The memory is the same as that originally specified in my home server design: 4GB of Corsair 1333MHz DDR3 as two 2GB sticks so that I get the most from the dual channel memory controller. This isn’t XMS or Dominator or any of the special Corsair models of memory, but instead the standard Corsair memory. The reason for this is that the home server isn’t going to be running a large number of memory intensive processes and especially not one’s which require ultra-low CAS latency and timings or lots of paging in and out.
I’ve always used Corsair memory since I switched from unbranded about 4-5 years ago due to lots of back to back memory related issues. I’ve never had a single stick go bad, even the three 2GB sticks of Registered DDR2 in my current Dell PowerEdge SC1425 home server build (which has been up and running every day for the last three years). If a stick ever did go bad I know I have Corsairs lifetime warranty to back me up too which is nice.
The power supply has a three key requirements in this build. One is to be silent or as very near to silent as possible.
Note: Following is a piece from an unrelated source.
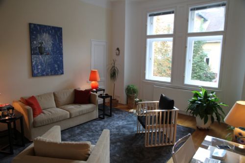 Gesamtansicht der Sitzgruppe im Praxisraum von Dr. Stephan Hametner. Der Raum kann verschieden ausgeleuchtet werden, der Blick durchs Fenster geht in einen wunderbaren Garten in Innenstadtlage. Das Setting ist je nach Bedarf veränderbar. Direkt vom Praxisraum aus kann ein separates WC besucht werden

Two is to provide enough SATA connectors to support the six SATA-II disks that will be going in the server, and lastly but not least is to be as energy efficient as possible even as low power draw levels.
Silence was a difficult one for me to find because all of the silent power supplies I was able to find didn’t support more than four SATA-II disks and I didn’t want to be using Molex to SATA converters in the build as it’s just another thing to go wrong or stop something working at 100% efficiency. As per the previous point, six disk support was hard to find. It was achievable but only on the higher end power supplies capable of delivering silly amounts of power up to 1200W in some cases. Whilst a power supply only uses the power is needs, they have power efficiency curves based on the demand. Typically, the lower the draw from the PSU’s peak or recommended continuous load rating, the worse the efficiency, and alas the final requirement.
I was mainly after a supply rated at 80 PLUS Bronze, however anything better was a plus. When I found the Corsair AX750 Professional Series Modular PSU, I was in power heaven. With a peak load of 750W, sleek black good looks, and a modular design supporting up to twelve SATA—II disks, I would not only have enough SATA connectors to meet the needs of my current six disk design, but also capacity to extend to the full ten disk capacity of the case if I wanted to in the future, but thanks to the modular cabling I am able to maximize the air flow in the already airy case by only installing the cases I need to deliver power to the disks and motherboards.
The power supply is 80 PLUS Gold rated the supply delivers a massive 90% efficiency at 230V even when operating at below 20% load (I will probably be in the 6-7% region) which is something very rare for a power supply. The power supply does have a fan, which is rated at 35dB at full 750W load which is load, however when running below 20% load, the fan is disabled due to the lack of heat generation which means I meet the final criteria for silence.
The supply comes with a full seven year warranty from Corsair, and because I will be only running the power supply and extremely low load levels, none of the components are likely to ever be taxed to a level to cause them to fail which means this supply ticks all the boxes I had as minimum requirements, goes an extra ten miles with tonnes of extra features and nice touches but leaves me safe in the knowledge that it will outlast my projected storage utilization for this server (and most likely the shelf life of Windows Home Server 2011 too).
Lastly, I decided that as I not going to be using the rear case fans that I should remove them to give me a bit more through flow for the air and also to get the hanging Molex connectors out of the way. There is a shot of the case without these fans now and the extra ventilation it will give me. The front case fans are still installed as once the build is complete I am going to review the temperatures and make a decision as to whether the temperature warrants having some air movement and if the dB level from them is acceptable.